Extraction Pipeline

The extraction pipeline is a 5-phase orchestration process that builds a unified lineage graph from Confluent Cloud APIs and enriches it with catalog metadata.

Pipeline Overview

graph TD
    A[Start Extraction] --> B[Phase 1: KafkaAdmin]
    B --> C[Phase 2: Connect + ksqlDB + Flink]
    C --> D[Phase 3: SchemaRegistry + StreamCatalog]
    D --> E[Phase 4: Tableflow]
    E --> F[Phase 4b: Catalog Enrichment]
    F --> G[Phase 5: Metrics]
    G --> H[Validation]
    H --> I[Complete]

    style B fill:#e1f5ff
    style C fill:#ffe1e1
    style D fill:#e1ffe1
    style E fill:#fff5e1
    style F fill:#f5e1ff
    style G fill:#ffe1f5

Phase 1: KafkaAdmin

Goal: Establish the topic inventory and consumer group membership.

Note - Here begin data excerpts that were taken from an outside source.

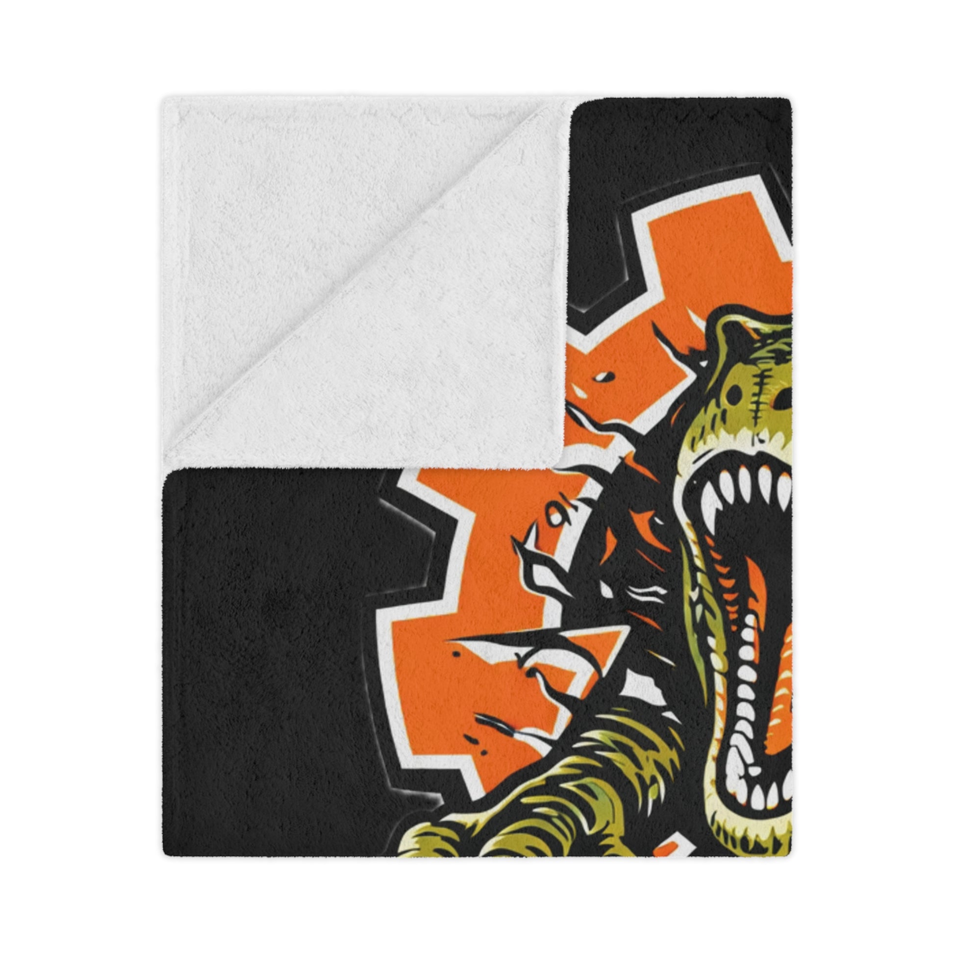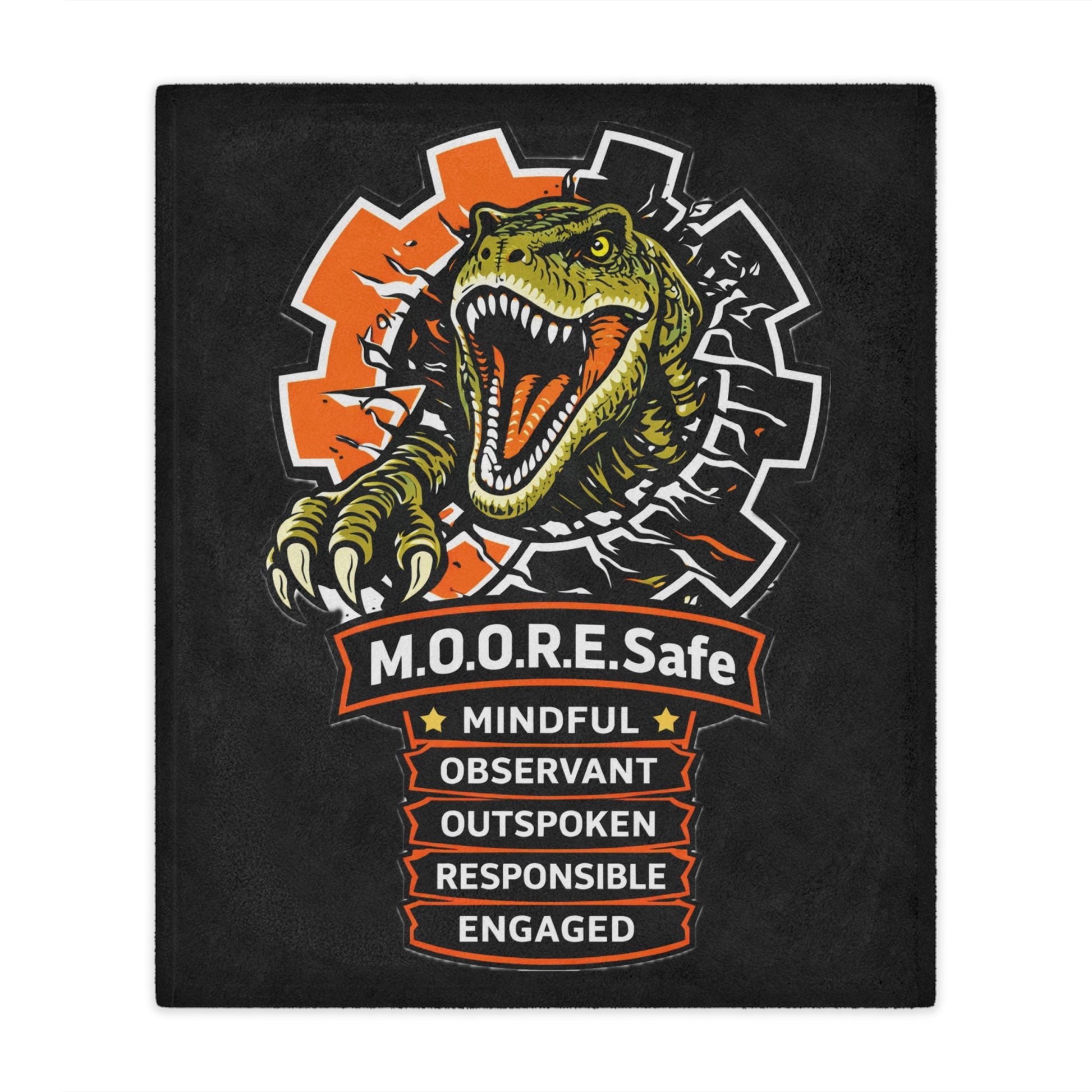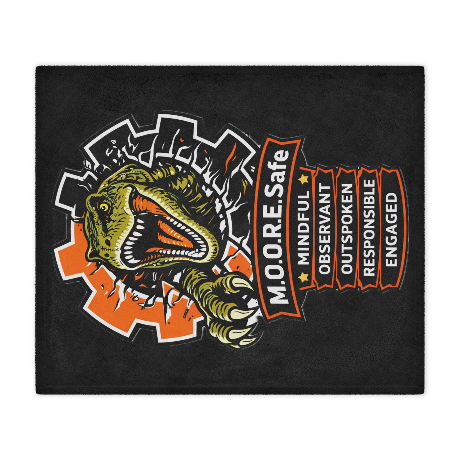 This plush Minky blanket brings bold, high-energy design to quiet moments. The roaring T-Rex bursting through industrial gears reads like a rallying cry — colors pop in vivid orange, green, and black while the distressed background keeps the look gritty and lived-in. It wraps you in a soft, velvety hug while the graphic proclaims M.O.O.R.E.Safe values: Mindful, Observant, Outspoken, Responsible, Engaged. Use it on late-night study sessions, layered on a couch for game day, or draped over a workshop chair as a nod to team safety and spirit. The one-sided print keeps the artwork bright and focused, and the finished folded edge gives the blanket a neat, durable look that holds up to everyday use.
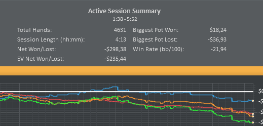 Господи да что же происходит. Эта невменяемая игра и абсолютная неудача сквозит в каждой раздаче. Эта сессия кране важна, иу меня все меньше времени все исправить
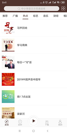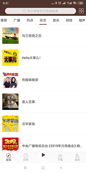 听歌、热点新闻、故事的收听,并且支持广播的回听,另外支持下载与定时关闭。同样界面十分的简洁。客户端是中央人民广播电台重点打造的一款综合音频类产品,为用户提供电台直播、直播回听、音频点播、离线收听等全方位收听服务。客户端覆盖3G/4G、WIFI网络环境,并与中国广播官网、苹果Podcast平台保持节目内容统一同步更新,汇集了中央电台、地方台、版权公司、互联网热门播客等单位提供的音乐、娱乐、财经、汽车、相声、脱口秀等分类的数万条碎片化精品版权音频节目,拥有全国350套直播频率,由专业编辑团队每日不断更新最流行的音频节目,为用户持续提供丰富多彩的音频节目欣赏服务,并具有用户互动、收藏评论、订阅分享、离线回听、预约收听、特色闹钟、定时关闭等实用功能。
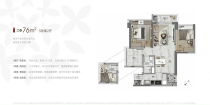 76-78㎡三空间两厅两卫:紧凑实用的设计,适合刚需购房者。每个房间都有充足的采光和通风条件,布局合理。
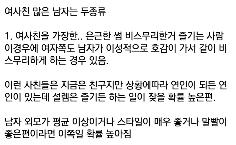 여사친이 많은 남자 어때? 보자마자 열받는 사람도 있고 이해 할 수 있다는 사람도 가끔(?) 있을거야. 아마 이런 친구는 자기도 남사친이 많을 확률이 높아.
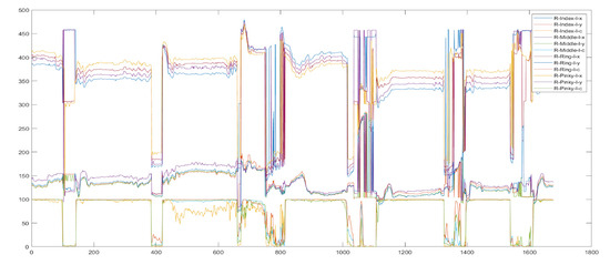 As previously mentioned, in the time since HUGS development and testing have been ongoing, validation data for an assessment of infant hand use, the HAI or Hand Assessment in Infants, were published [32]. The HAI presumes that infants will be able to freely manipulate and maneuver the toys they grasp. The toys that make up the HAI “kit” are untethered, in contrast to the HUGS concept where toys are suspended from a rigid bar. Preliminary analysis of grasp data from HUGS-2 revealed very little vertical movement since infants’ hands were preoccupied with the bar toy, which they explored by moving their hands across its surface horizontally. Figure 13 shows supination and pronation around the toy bar, with a characteristic limited range of vertical movement.
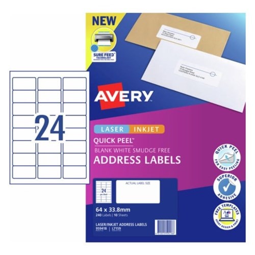 AVERY SURE FEED LABELS Laser 64 x 33.8mm White Pack of 240
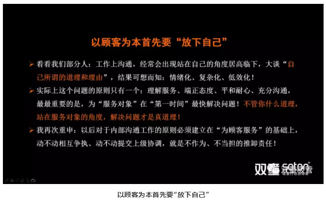 所以,管理者們不要把自己當成高高在上的領(lǐng)導,而是把自己當成一線(xiàn)員工的服務(wù)者,管理者。唯有建立“為下屬服務(wù)、為對象服務(wù)、引導團隊共同成長(cháng)”的意識才能真正實(shí)現為顧客服務(wù)。以顧客為本首先要“放下自己,為“服務(wù)對象”在“第一時(shí)間”最快為員工解決問(wèn)題!

Execution: Sequential per cluster (one cluster at a time)

Clients: KafkaAdminClient

Nodes Created: - KAFKA_TOPIC - Topics in each cluster - CONSUMER_GROUP - Consumer groups

Edges Created: - MEMBER_OF - Consumer group to topics

API Endpoints: - /kafka/v3/clusters/{cluster_id}/topics - /kafka/v3/clusters/{cluster_id}/consumer-groups - /kafka/v3/clusters/{cluster_id}/consumer-groups/{group_id}/consumers

Why Sequential: Topics are the foundation for all downstream phases. Each cluster is processed sequentially to establish baseline inventory before parallel extraction.

Error Handling: 401/403 errors suggest cluster-scoped API keys are required. The extractor returns empty lists and logs a warning.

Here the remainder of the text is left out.